Mapping location based on v9.1.

b

Beginning..end of positions in the scaffolds.

Proteasomes are the most abundant proteins in the cytoplasm and are required for cytosolic protein degradation and recycling pathways (19). Eukaryote proteasomes form a barrel-shaped catalytic tunnel with two identical outer rings composed of seven α-subunits and two identical inner rings composed of seven β-subunits. Only three β-subunits (PSMB5 [LMPX], PSMB6 [LMPY], PSMB7 [LMPZ]) are catalytically active. Upon immune stimulation, expression of three β-subunits, PSMB8 (LMP7), PSMB9 (LMP2), and PSMB10 (MECL1), are upregulated, replacing the constitutive subunits PSMB5, PSMB6, and PSMB7, respectively, to form the “immunoproteasome” that generates peptides preferable for class I binding (19). Because some prokaryotes possess only one type of β-subunit, it has been proposed that the genes encoding the catalytically active β-subunits, psmb5, 6, and 7, were generated by cis-duplication in an eukaryote ancestor, likely present in the proto-MHC (20, 21); indeed, β-subunit genes are found in linkage groups with MHC framework genes in preduplicated genomes in lower deuterostomes such as amphioxus (10, 21) and the placozoan T. adhaerens (11). All three immunoproteasome genes psmb8, 9, and 10 are encoded in the MHC of many ectothermic vertebrates (12, 22). In humans, only PSMB8 and PSMB9 are found in the MHC (chr 6), and PSMB10 on human chr 16 is the result of translocation out of the MHC. Likewise, the constitutive proteasome PSMB7 maps on huMHCpara-9 (i.e., huMHCpara chr 9) (light blue boxes in Fig. 1, Table I), but other PSMB genes were proposed to be translocated from their original location to other genomic regions outside MHCpara (20).

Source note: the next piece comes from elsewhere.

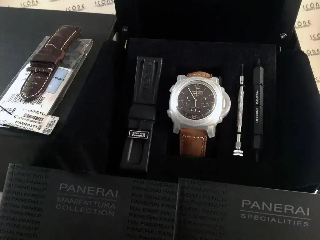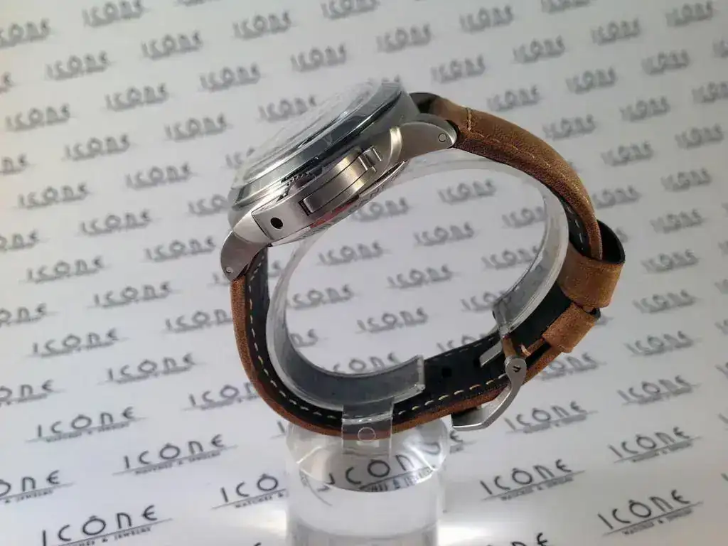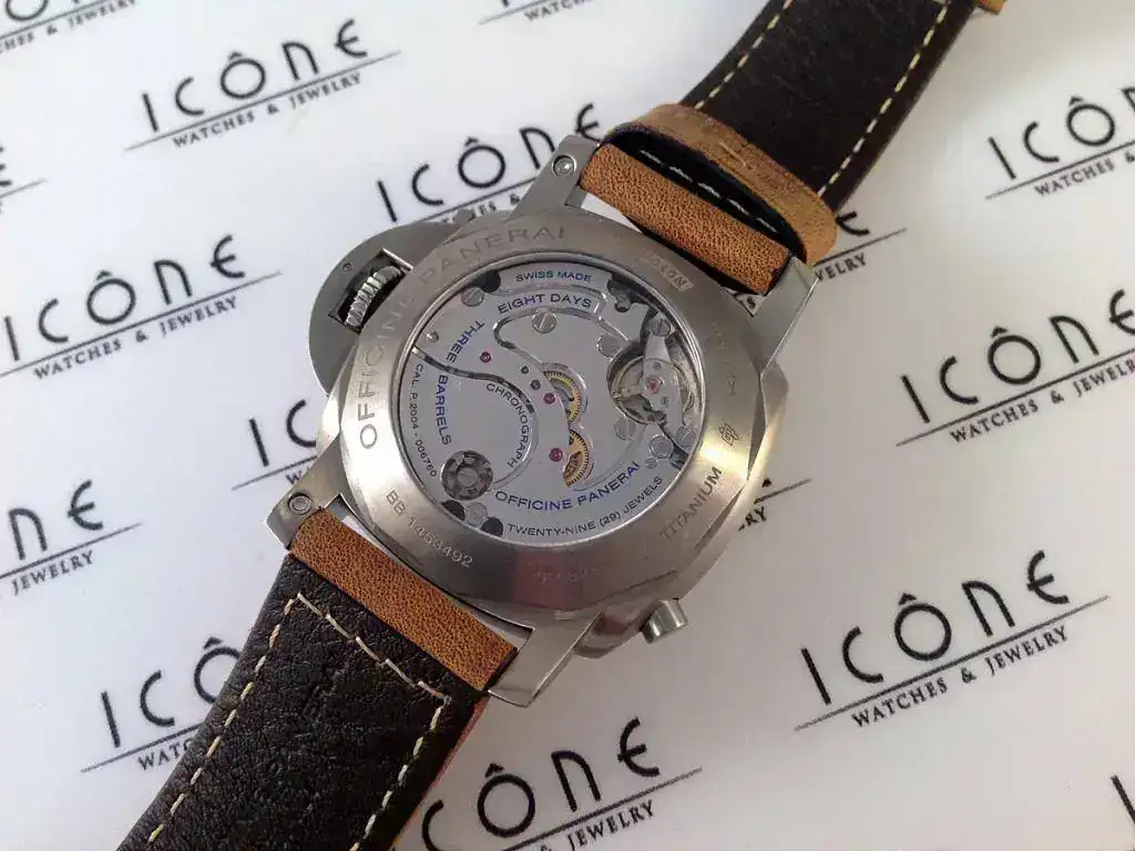 Las características son: Reloj automático con caja de titanio de 44mm., cristal de zafiro, calibre Panerai P2004/1, sumergible a 100m.

We found that Xenopus psmb6 maps to 3Lq35, in the vicinity of c3 and notch3, a region corresponding to huMHCpara-19, and we previously reported that Xenopus psmb10 maps in the MHC class III region (Fig. 1, Table I) (12), suggesting that the translocation of psmb6 and psmb10 occurred after the amphibian–mammal divergence. PSMB5 is found on human chr 14q11.2 in the vicinity of TCRA/D (14q11.2) and near the IgH chain (14q32.33) loci. This synteny is well conserved in Xenopus, with psmb5 on chr 1Lq14-15, near tcra/d (1Lq15), igh (1Lq14-15), and igl (λ and σ) (Fig. 1, Table I). As mentioned above, from the distribution of human insulin-relaxin genes (5), this region of human chr 14 is a genetic fragment originally linked to an MHC precursor, but translocated during vertebrate evolution, and is designated as a minor MHCpara (6, 7, 20) (Fig.1, Table I). In summary, unlike in humans, all Xenopus psmb genes encoding catalytic proteasome β subunits map to major or minor MHCpara.

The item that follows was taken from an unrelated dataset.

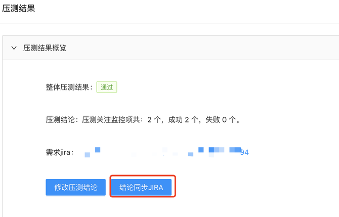 性能测试结果和需求单打通。针对具体需求的性能测试不再需要手动记录性能测试结果与数据,压测通过后可直接同步至对应JIRA,便于查看及后续复盘。

In Xenopus, a single classical class I (class Ia) gene maps to the MHC (23), whereas a cluster of nonclassical class I (class Ib) genes (xnc) (24, 25) was previously mapped to the telomeric region of the MHC chromosome (18). Now we report three additional nonclassical class I genes in the Xenopus genome designated class Ib112, class Ib16004, and class Ib145, based on their original scaffold numbers in ver 4.1 (Table I). All three are single-copy genes on L chromosomes with typical class I domain structures, but the deduced amino acid sequences lack the evolutionarily conserved peptide-binding residues found in all classical class Ia molecules (Supplemental Fig. 1A); note that the class Ib112 is highly divergent from class Ia (see below). In addition, consistent with their designation as nonclassical class I genes, these three class I genes are monomorphic (data not shown), have a tissue-specific expression, and are expressed at much lower levels than class Ia (Supplemental Fig. 1E).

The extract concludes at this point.